Ocean circulation is getting faster

ocean circulation

Acceleration (orange) and deceleration (blue) of ocean circulation. (Image: Shijian Hu)

How does climate change affect global ocean currents? So far, scientists have assumed that warming tends to weaken many currents. But now a study shows that global ocean circulation has instead accelerated significantly in the past 30 years. Accordingly, the kinetic energy of the currents has increased on average by 15 percent per decade since 1990. This trend is particularly pronounced in all tropical sea basins, as the researchers report. A major cause of this acceleration appears to be the increase in wind speeds over the same period.

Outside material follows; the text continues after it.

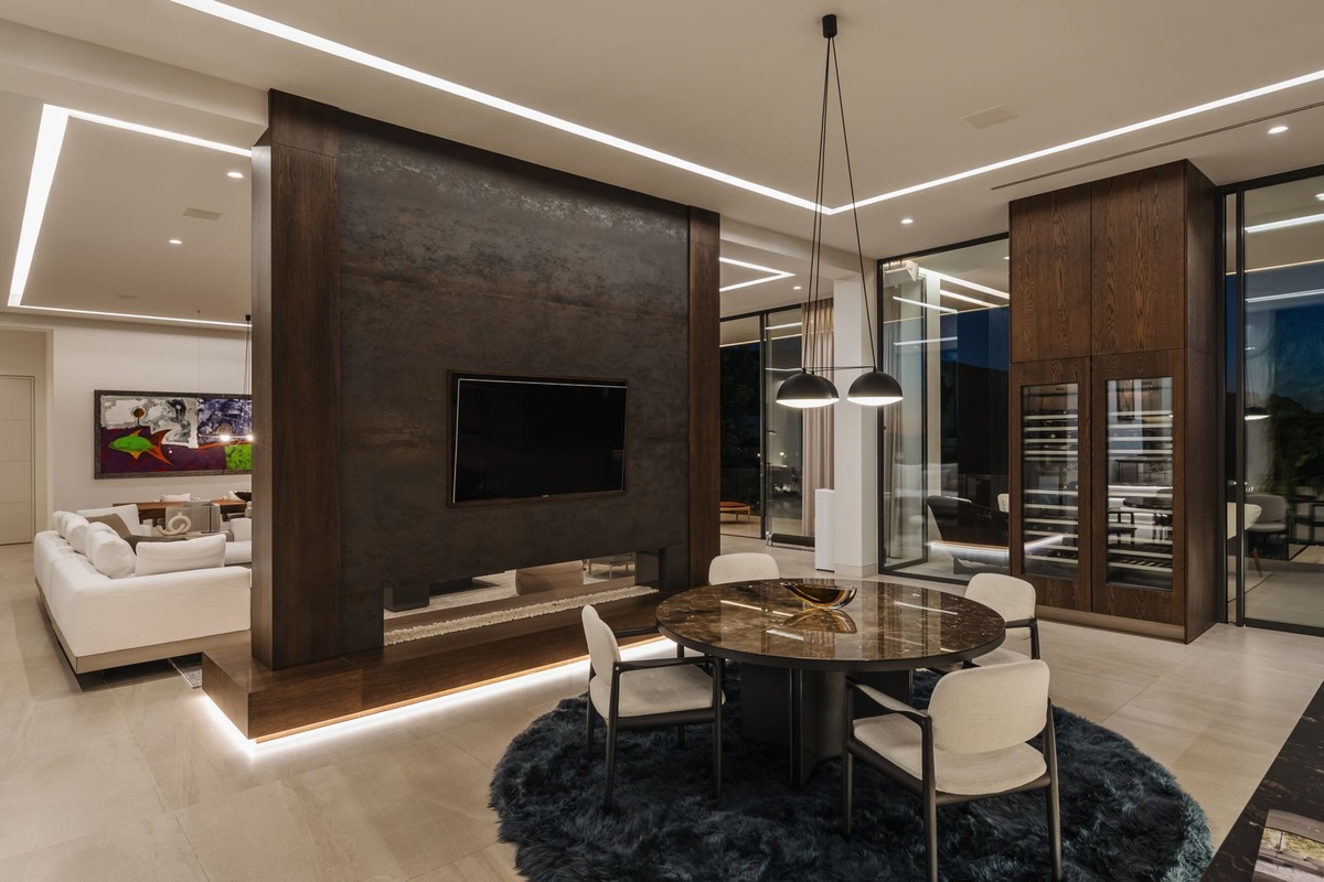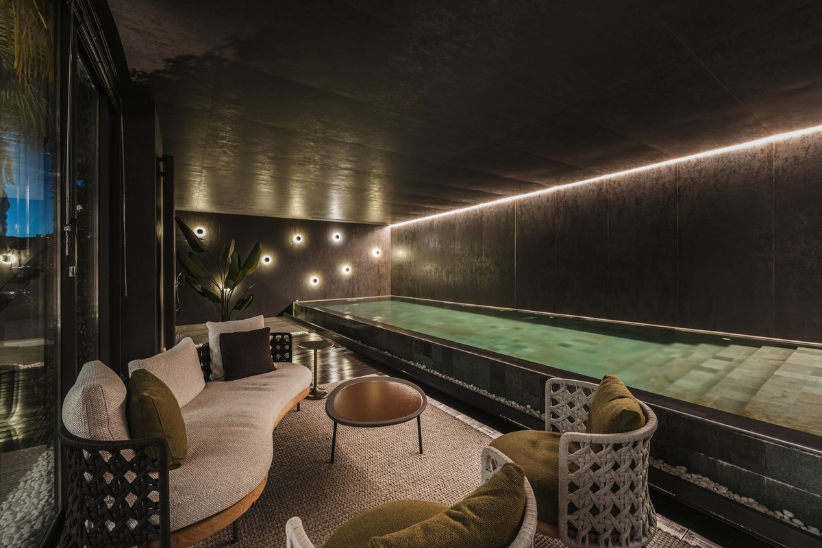 De luxueuze interieurstijl combineert moderne, minimalistische designelementen met enkele klassieke, op de jaren 60 geïnspireerde elementen; zoals donker hout, zachtere texturen en natuurlijke rondingen die zich verzetten tegen de hoekige lijnen van de buitenkant van het pand.

The great currents of the oceans are an important player in the Earth’s climate system. Because they store a large part of the heat provided by the sun and thus act as a climate buffer. Around 90 percent of the heat generated by the anthropogenic greenhouse effect has also been absorbed by the oceans in recent decades. At the same time, the oceans distribute the heat they absorb with the water masses from the tropical regions to the cooler waters of the higher latitudes, thus ensuring temperature compensation. It is therefore important to know how the ocean circulation changes under the influence of climate change. So far, however, there has been conflicting data. Accordingly, some currents such as the North Atlantic Circulation seem to be weakening, while others, including some Pacific flow patterns, have accelerated.

Currents accelerated

“However, due to the lack of systematic, direct observation data, it remained controversial whether there is a global trend in ocean circulation,” explain Shijian Hu from the Chinese Academy of Sciences and his colleagues. To clarify this question, they have now evaluated observation data from a global buoy measurement network that has been supplying data on ocean currents from the surface to a depth of around 2000 meters since 1959. In addition to this Global Marine Argo Atlas, the researchers used other series of measurements and twelve different numerical simulations to determine the kinetic energy of the oceans and the resulting behavior.

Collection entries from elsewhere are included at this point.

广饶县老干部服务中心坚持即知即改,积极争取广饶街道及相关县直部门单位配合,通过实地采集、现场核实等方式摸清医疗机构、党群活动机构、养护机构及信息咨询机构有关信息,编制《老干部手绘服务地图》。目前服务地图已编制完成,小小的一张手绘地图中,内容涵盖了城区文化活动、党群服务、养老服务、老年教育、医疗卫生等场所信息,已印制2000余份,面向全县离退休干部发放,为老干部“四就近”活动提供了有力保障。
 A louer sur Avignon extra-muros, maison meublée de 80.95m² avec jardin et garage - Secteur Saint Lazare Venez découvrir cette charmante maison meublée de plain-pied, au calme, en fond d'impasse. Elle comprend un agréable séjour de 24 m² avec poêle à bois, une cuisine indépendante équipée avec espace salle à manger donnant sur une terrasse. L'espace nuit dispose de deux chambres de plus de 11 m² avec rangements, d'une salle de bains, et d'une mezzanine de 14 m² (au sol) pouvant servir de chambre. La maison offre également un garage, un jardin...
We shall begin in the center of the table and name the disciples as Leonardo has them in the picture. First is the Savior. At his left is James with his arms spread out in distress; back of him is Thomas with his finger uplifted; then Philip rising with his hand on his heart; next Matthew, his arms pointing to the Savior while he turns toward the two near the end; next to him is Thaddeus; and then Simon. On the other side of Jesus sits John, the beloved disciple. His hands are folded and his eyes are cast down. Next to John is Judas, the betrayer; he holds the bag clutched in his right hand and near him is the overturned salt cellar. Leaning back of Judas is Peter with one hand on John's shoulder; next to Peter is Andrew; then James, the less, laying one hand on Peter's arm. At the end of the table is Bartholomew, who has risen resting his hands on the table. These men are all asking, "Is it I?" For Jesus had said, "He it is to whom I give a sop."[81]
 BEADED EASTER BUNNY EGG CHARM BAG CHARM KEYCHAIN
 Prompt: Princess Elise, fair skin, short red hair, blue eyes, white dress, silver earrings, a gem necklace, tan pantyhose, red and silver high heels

The evaluations showed: Before 1990 there were hardly any uniform trends in the ocean circulation, the changes from one decade to the next were different and insignificant. After this point in time, however, this changed: “All data records point to a common rising trend,” report Hu and his team. “In the period from 1990, the kinetic energy of the oceans increased by around 137 billion joules per decade – this corresponds to an increase of 15 percent compared to the climatological mean.” According to the researchers, the entire system of ocean currents, particularly in the accelerated significantly in the past 20 years.

Wind as the main drive

This trend towards faster currents is detectable in all large sea basins and down to a depth of 2000 meters, as the researchers report. The increase in kinetic energy has gradually continued from the surface to the depths. From the mid-1990s, this trend was then detectable into the deep sea. The acceleration of ocean currents is most evident in the tropics: there, the kinetic energy of the oceans increased significantly more than in the higher latitudes, as the evaluations showed. A closer examination also showed that the acceleration of ocean currents cannot be explained by long-term natural fluctuations alone. “This trend has been far stronger than natural variability in the past two decades and does not match the Pacific Decadal Oscillation,” said Hu and his team.

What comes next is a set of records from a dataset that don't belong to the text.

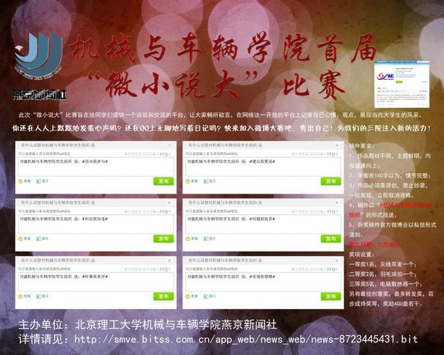 为响应校团委“砺行青春誓言”德赢AC米兰中国官方网站共青团系统创先争优推进工程,加强基础建设、网络宣传阵地的建设,机械与车辆学院团委举办“凝心聚力抓基础,承载使命促发展”青春聚力工程系列建设。目前为止,共有28个基层团支部建立官方微博,开展网络宣传工作。燕京新闻社负责网络宣传阵地部分建设,举办机械与车辆学院首届“微小说大”比赛。比赛征稿历时一个月,共征得原创微博36条,涵盖比赛六大主题:活动我参与、科技我知道、时事我来评、建议我要说、问题我抢答、幸福我想晒。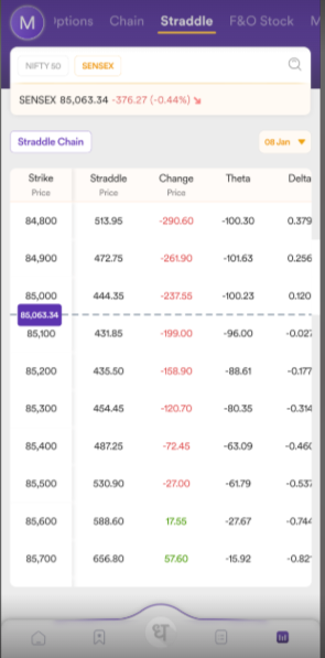 Key Straddle Information: The table features key information of the straddle and the ATM strikes such as LTP, LTP Change, OI, OI Change and Greeks.
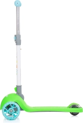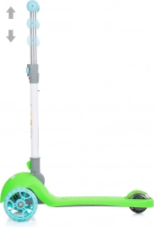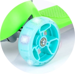 Ľahká a stabilná detská kolobežka na prvé jazdy od 3 rokov. Ponúka tri kolesá pre maximálnu stabilitu, výškovo nastaviteľné riadidlá v 3 polohách a farebné LED svetlá v kolesách, ktoré zvyšujú bezpečnosť aj zábavu. Má široké protišmykové stupátko, gumové rukoväte a nášľapnú zadnú brzdu. Nosnosť až 50 kg a jednoduché zloženie riadidiel pre kompaktné uloženie.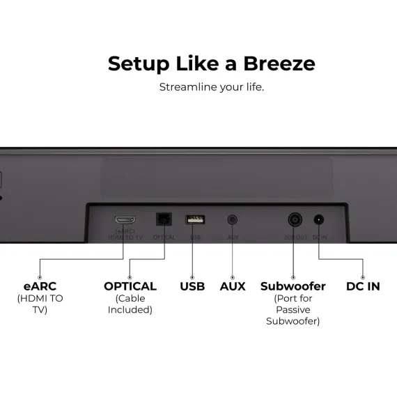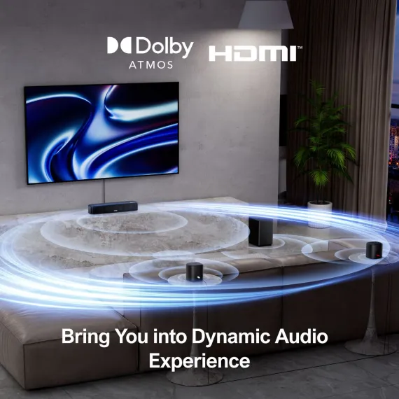 Experience immersive home theater sound with this 5.1 channel Dolby Atmos soundbar, featuring three main channels and two rear speakers for a dynamic, multidimensional soundstage. Dolby Atmos delivers 3D spatial audio that moves around you, enhancing direction, depth, and realism in every scene. With 320W peak power and a user-friendly setup, this system transforms your space within minutes, whether you're hosting movie nights or gaming marathons. HDMI eARC ensures lossless, low-latency audio transmission with perfect sync between sound and visuals-making this a complete upgrade for your smart TV setup.

Instead, the researchers see the main driving force behind this trend in an increase in winds. Model analysis of six global weather data sets showed that the average wind speeds over the oceans have increased measurably in recent decades. On average, the winds accelerated by 1.9 percent per decade, as Hu and his colleagues found. “The spatial pattern of wind speeds over most ocean basins matches that of ocean behavior,” they report. The wind speed in the tropical regions has increased far more than in the higher latitudes. “These results suggest that the increased energy input from the wind has helped accelerate global ocean circulation,” said Hu and his team. They see global warming as the main cause of the increasing wind.